The IRS moved to recover under the Federal Debt Collection Procedures Act and the Minnesota Uniform Fraudulent Transfer Act.

**In its’ decision, the Court found that “I Am Home is an incorporated entity that she uses to conduct her personal business.  It does not observe any corporate formalities, keeps no corporate records, and is simply a façade for Jo Anna’s individual dealings.”
“The Government’s statutory claims raise several issues concerning statutes of limitation, insider status, the effect of the Bames’ antenuptial agreement, possible estoppels, and more that the Court need not address.”  (par. 1, line 1 of the case analysis – page 8).  The Court reasoned that even if the defendants prevailed in their defense arguments, “equity dictates that they return the erroneously distributed funds under the doctrine of unjust enrichment.”  Jo Anna argued that the funds transferred to her (mortgage payments and deposits to businesses which she owned) were in satisfaction of debts which Fred owed under the divorce decree.  The Court could find only $17,780 in marital debt and various tax liens listed on the divorce decree.  Jo Anna could offer no proof or other evidence of marital debt which Fred would be obligated to pay.  As part of the divorce settlement, Jo Anna “irrevocably withdrew all claims against Fred’s estate…and she retained no power to collect on any debts that accrued before January 27, 2000.”

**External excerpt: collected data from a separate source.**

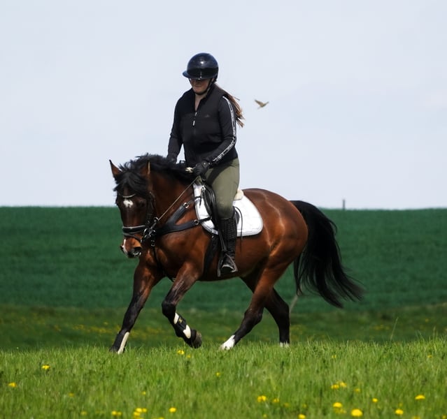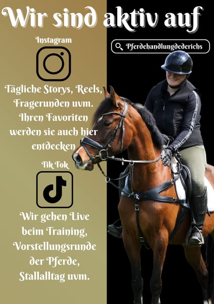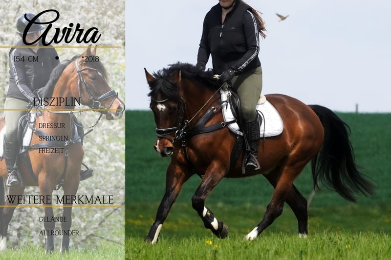 Avira is a mare born in 2018, approximately 15.4 hands, sired by Airon PP out of Samuel x Vlah SM. *Avira* is a stunning dream horse in every respect. She is very well-trained and moves beautifully in dressage, reliably jumps in the show jumping course, and is super cool in the terrain. She is suitable for riders of all sizes (the rider in the video is 176 cm), but even very small riders have already been able to sit comfortably on her back. She is honest, very relaxed, and confident, yet very rideable. Neither hot nor lazy, she is simply eager and easy to handle. Traffic, water crossings, and noise are no problem for this beautiful mare! **BE SURE TO WATCH HER VIDEO!** She is absolutely reliable on the course and always tries to make every distance. She is equally suitable for sport and leisure riding. With her, you can pursue ambitious goals or just enjoy a relaxed ride. Riding Avira always gives you a safe and good feeling. She is well-mannered, affectionate, and uncomplicated in handling. You can find a current video of her here in the ad or at the following link: https://www.youtube.com/watch?v=Nz_-AdiqeMA Horse dealing Dederichs – Your partner for horse purchase Contact & Availability: Inquiries please exclusively by phone at 0173/9792139 Monday – Friday: 9:00 a.m. – 6:00 p.m. Saturday: 9:00 a.m. – 3:00 p.m. Sunday: Closed Follow us on social media! Experience our daily work with sale horses on Instagram, TikTok & Facebook at Pferdehandlung Dederichs Discount: Get 5%–10% off if you take your new dream horse immediately. Trial riding & viewing: • Trial ride: €40 per horse (up to 2 riders), amount credited upon purchase • Holidays: Trial ride €50 • Demonstration by our grooms: €30 per horse (pre-riding, ground work, etc.) Pre-purchase examination & transport: • Many of our horses already have a pre-purchase exam (AKU) • You are welcome to bring your own veterinarian • We can organize an examination for you • We also gladly assist with transport to your new home Other horses for sale: We have additional horses for sale in our stable that are not yet listed online. If your dream horse is not yet available, do not hesitate to contact us. Important notes: • Estimated height measurements are approximate and not precisely measured • All descriptions are subjective assessments by the seller and do not constitute guaranteed properties
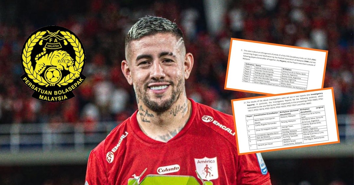 “De acordo com a reportagem oficial do comitê do comitê, o jogador e seus representantes têm informações falsas sobre seu local de nascimento. Se o avô de Holgado, Omar Eli, recebeu uma carta que nasceu em George Town, Malásia; Mas não parecia muito nascer em Caseir, Argentina “A página está na página corporal que governa.
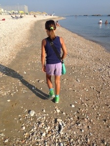 Zucchetta ha gradito il paesaggio mattutino della spiaggia vuota, la bassa marea, il mare liscio.
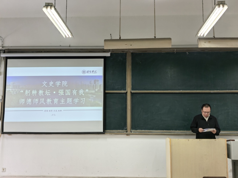 为深入落实学校“严教勤学质润校园”教学质量文化建设月工作部署,切实加强师德师风建设,引导全体教师坚守为党育人、为国育才初心使命,4月23日,文史学院组织开展“躬耕教坛 强国有我”师德师风教育主题学习活动。副院长卢飞主持学习并领学,全体教师参加活动。
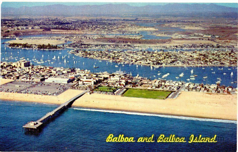 A color aerial photograph of the Balboa Beach area with a large green field visible to the right of the pier. The field is Balboa Peninsula Park.
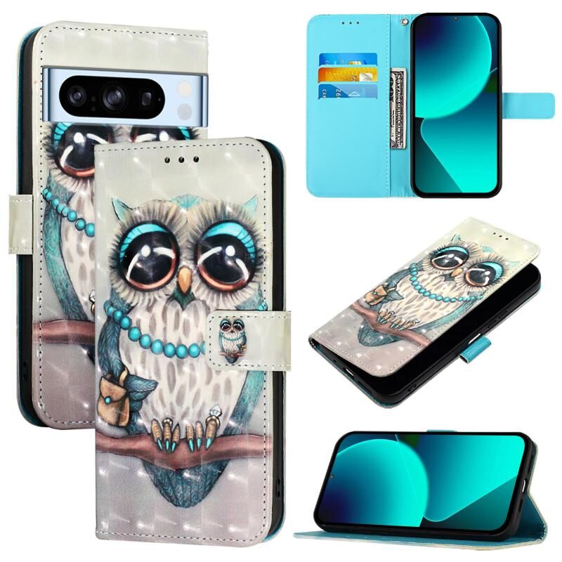 Θήκη τηλεφώνου από δέρμα με οριζόντια αναδίπλωση και τρισδιάστατη ζωγραφική για Google Pixel 8 Pro (Χρυσή Πεταλούδα)
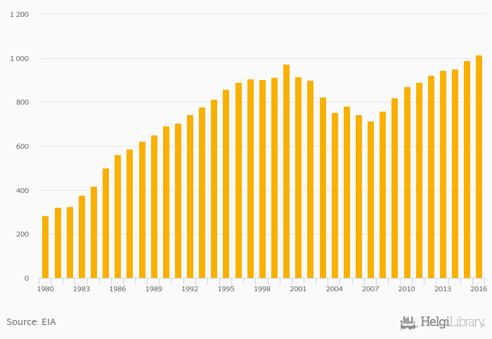 Total oil supply rose 2.51% to 1,015 '000 bpd in Oman in 2016, according to EIA.
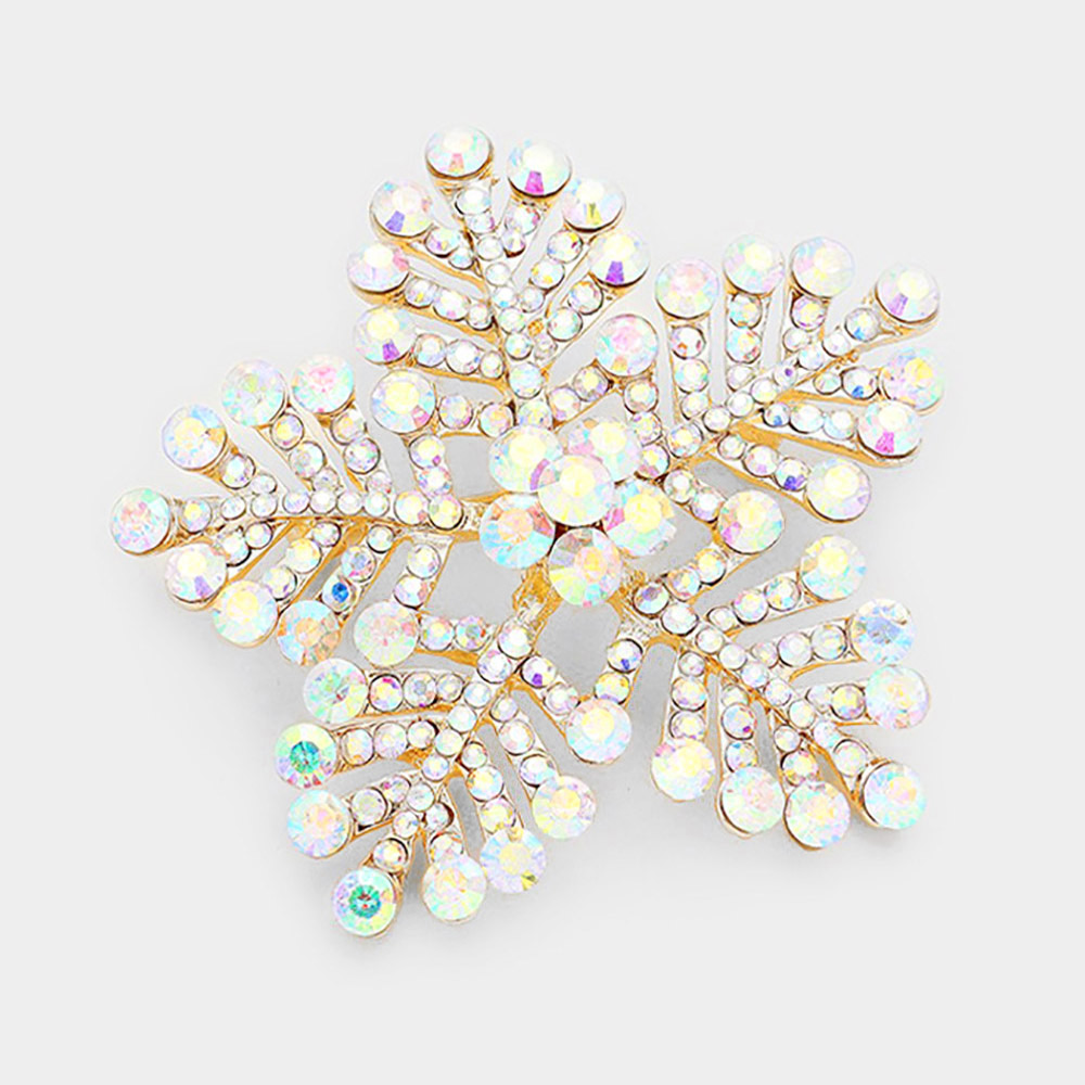 Details • Size : 2.5" X 2.5" • Pin Brooch • Elegant crystal snowflake rhinestone brooch pin featuring a layered icy design with shimmering stones. A perfect accessory to add winter sparkle to coats, scarves, holiday outfits, or seasonal events. • Lead and Nickel Compliant
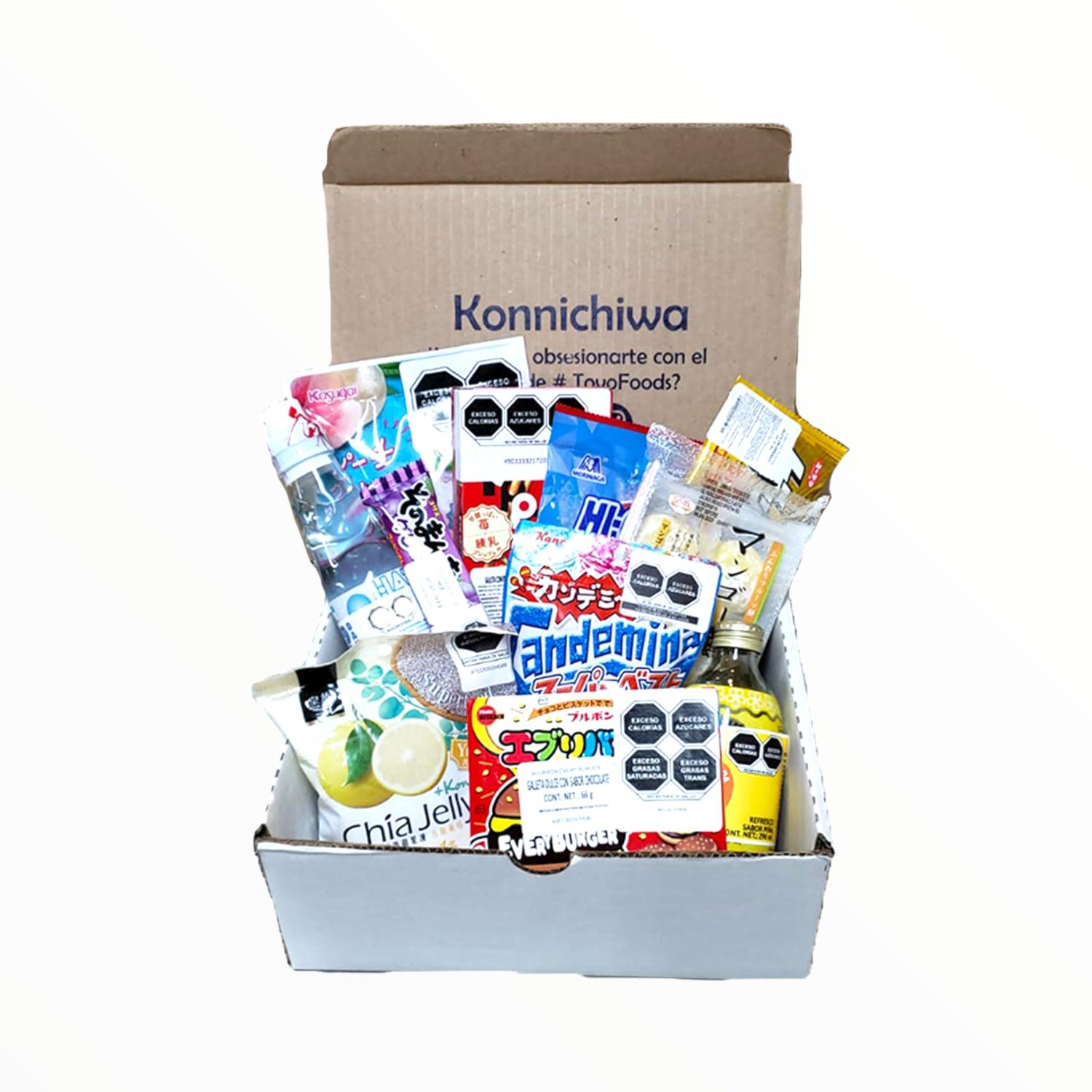Caja sorpresa con surtido de dulces y botanas japonesas y coreanas
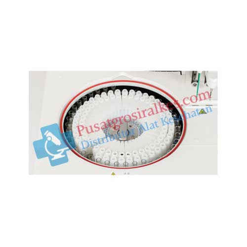 Selain itu, terdapat 40 posisi sampel yang dapat digunakan baik untuk mikro cangkir maupun tabung uji, memberikan fleksibilitas dalam pengambilan sampel.
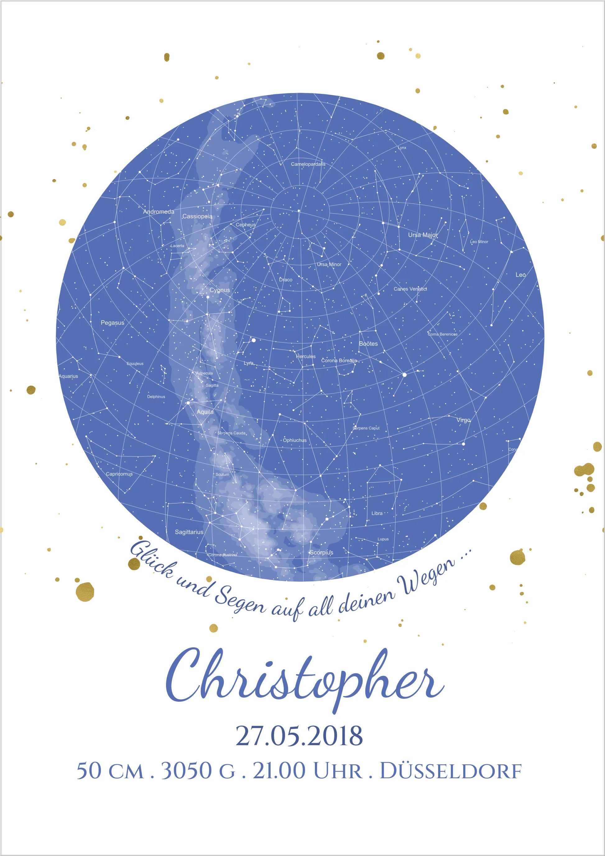 Geburtsgeschenk & Taufgeschenk Geburtsanzeige | Poster Sternkarte Design | Babygeschenk zur Geburt, zur Taufe | Sternenbild Junge
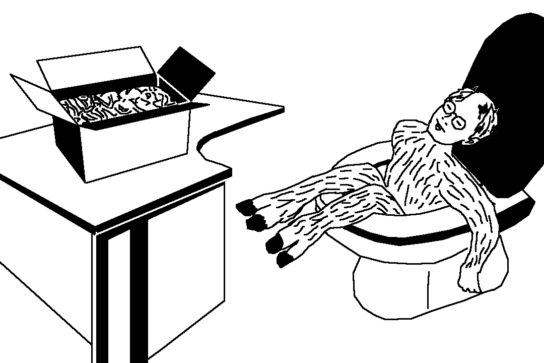 Но не так быстро ему суждено было уединиться! Из уборной выходил Дупл, за ним увивался зловонный запах его испражнений. Не верите? Ну, не одеколон же он такой использовал?
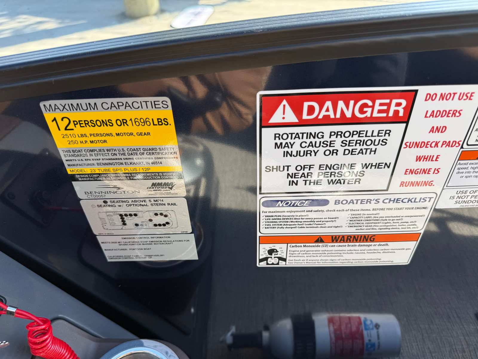 Powering the Bennington 23 RSB SPS Plus is a robust 250-horsepower engine, delivering exhilarating acceleration and smooth cruising capabilities. Whether you’re gliding across calm waters or picking up speed for watersports, this pontoon boat’s performance is sure to impress. The advanced SPS Plus hull design enhances stability and handling, allowing you to navigate with confidence and precision. With this level of horsepower, the Bennington 23 RSB SPS Plus is perfect for towing tubes, wakeboards, or simply enjoying a spirited ride across the water. The engine’s efficiency and reliability ensure that every trip is as enjoyable as the last, making this Bennington boat for sale a top choice for those who demand both power and refinement.
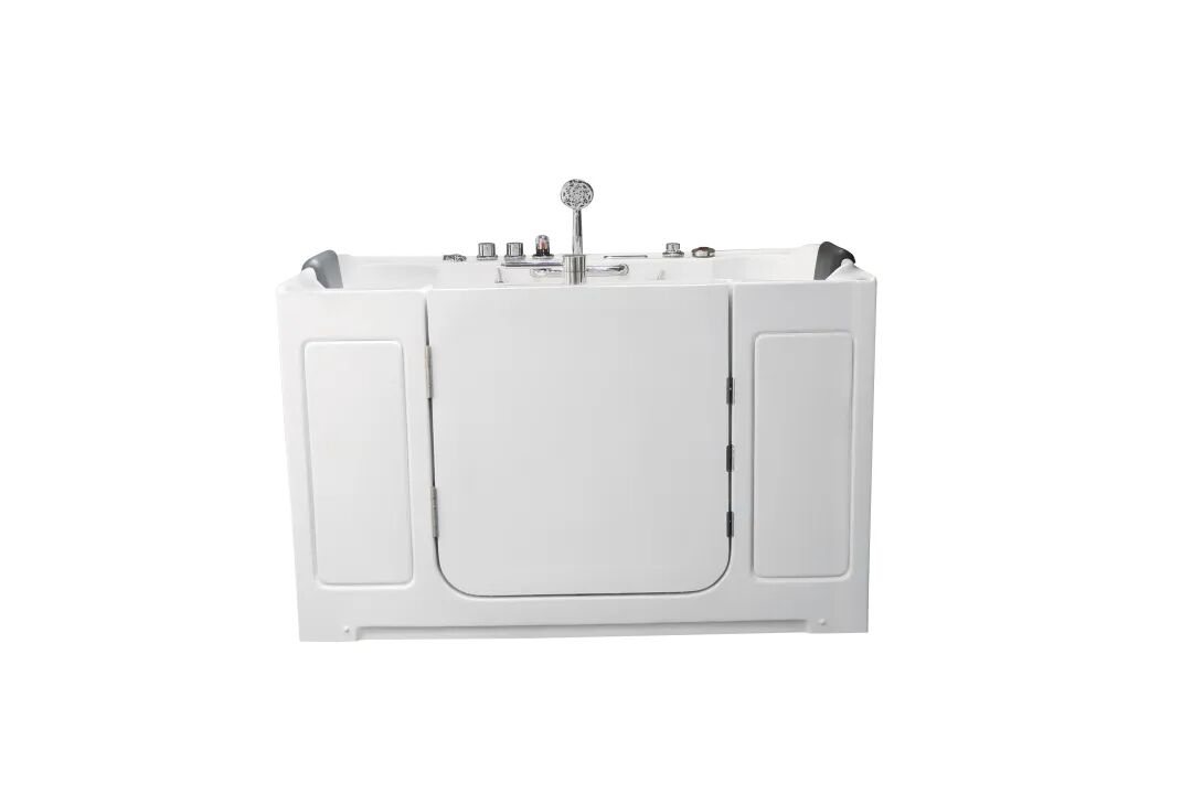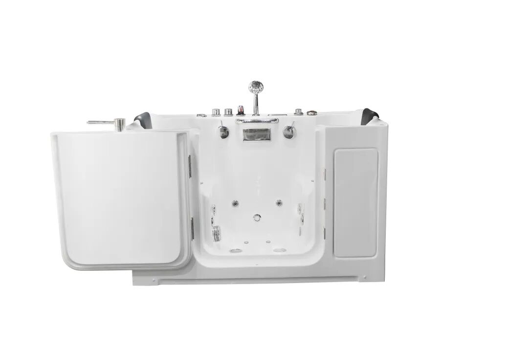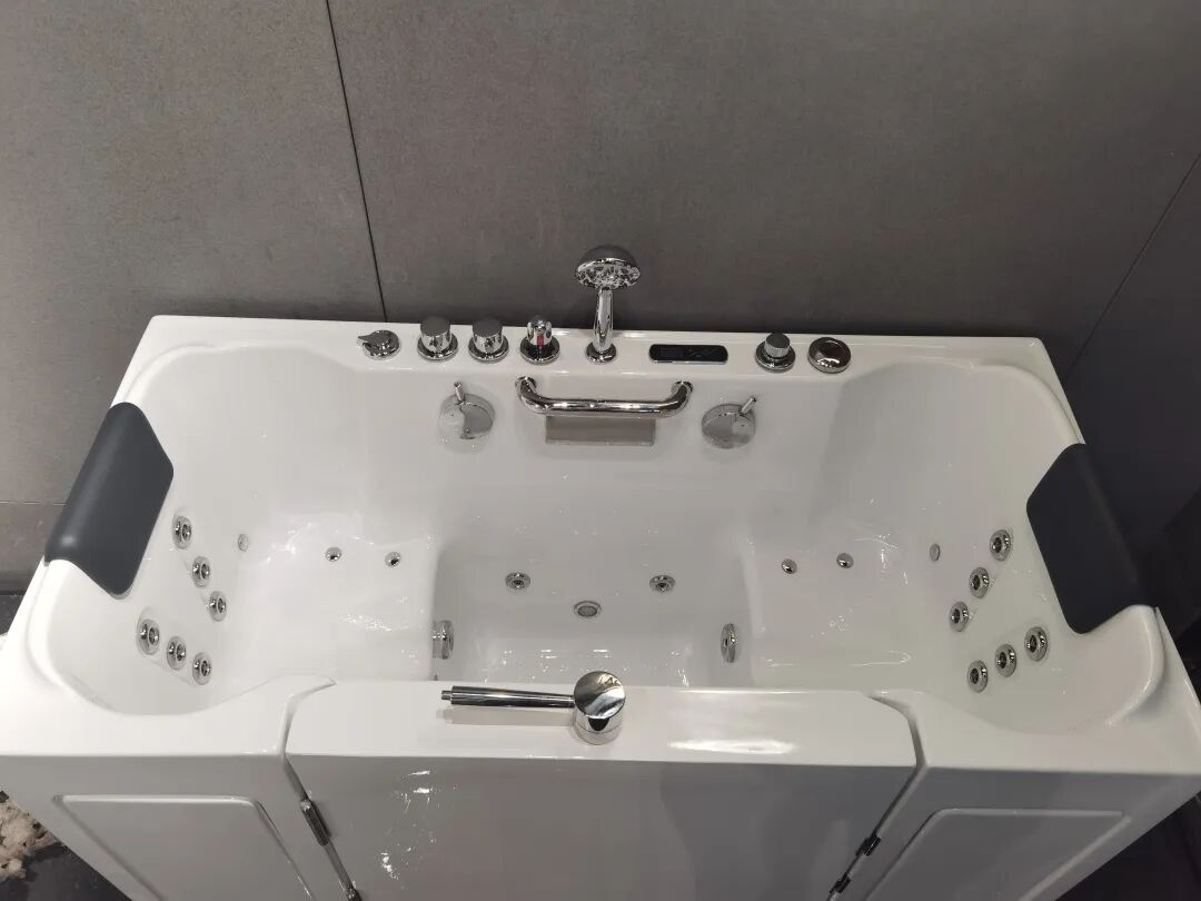 双人步入式浴缸,可供两个人同时使用,全功能设计,100%亚克力材料,门锁和胶条都有专利,全新的单独脚部按摩功能。外开门设计,大空间,低台阶专为老人和身体不便人士设计,让他们更独立,更自信地享受洗浴快乐。

Jo Anna countered the claim that she was unjustly enriched by arguing that she relied on the IRS’s assurances regarding the refund.  “As a matter of law, however, Jo Anna cannot rely on the mistaken advice of an IRS agent…We have been very clear in the past that a mistake of law by a Government agent, acting without audit or examination, does not amount to an act or interpretation upon which [the taxpayer] could justifiably rely…Those who deal with the government are expected to know the law and may not rely on the conduct of government agents contrary to the law.”

The IRS sought to recover $185,000 transferred to I Am Home (simply a façade for Jo Anna’s individual dealings) as well as $100,000 transferred to Hook ‘n Horn (subsequently HnH Ltd) which the government characterized as Jo Anna’s alter ego.  The bank account (after incorporation) remained under her exclusive control and she continued to run the business as she had run it when it was a sole proprietorship.  Actually, she used a bank account entitled Hook ‘n Horn Ltd. for three years prior to the formal incorporation.

The corporation was formed only after the IRS initiated collection action against Fred.  The camp, which was the only asset of Hook n’ Horn, was transferred to Jo Anna by Fred “as a constructive fraud to avoid…creditors.”  The Court determined that HnH Ltd. was indeed Jo Anna’s alter ego.

As a result, Jo Anna was ordered to repay $526,022 with the HnH Ltd. corporation liable for $100,000 and the I Am Home entity liable for $185,000.  Jo Anna Bame, et. All v. United States of America, US Distr. Ct. MN Civ. No. 11-62 (8/16/2012).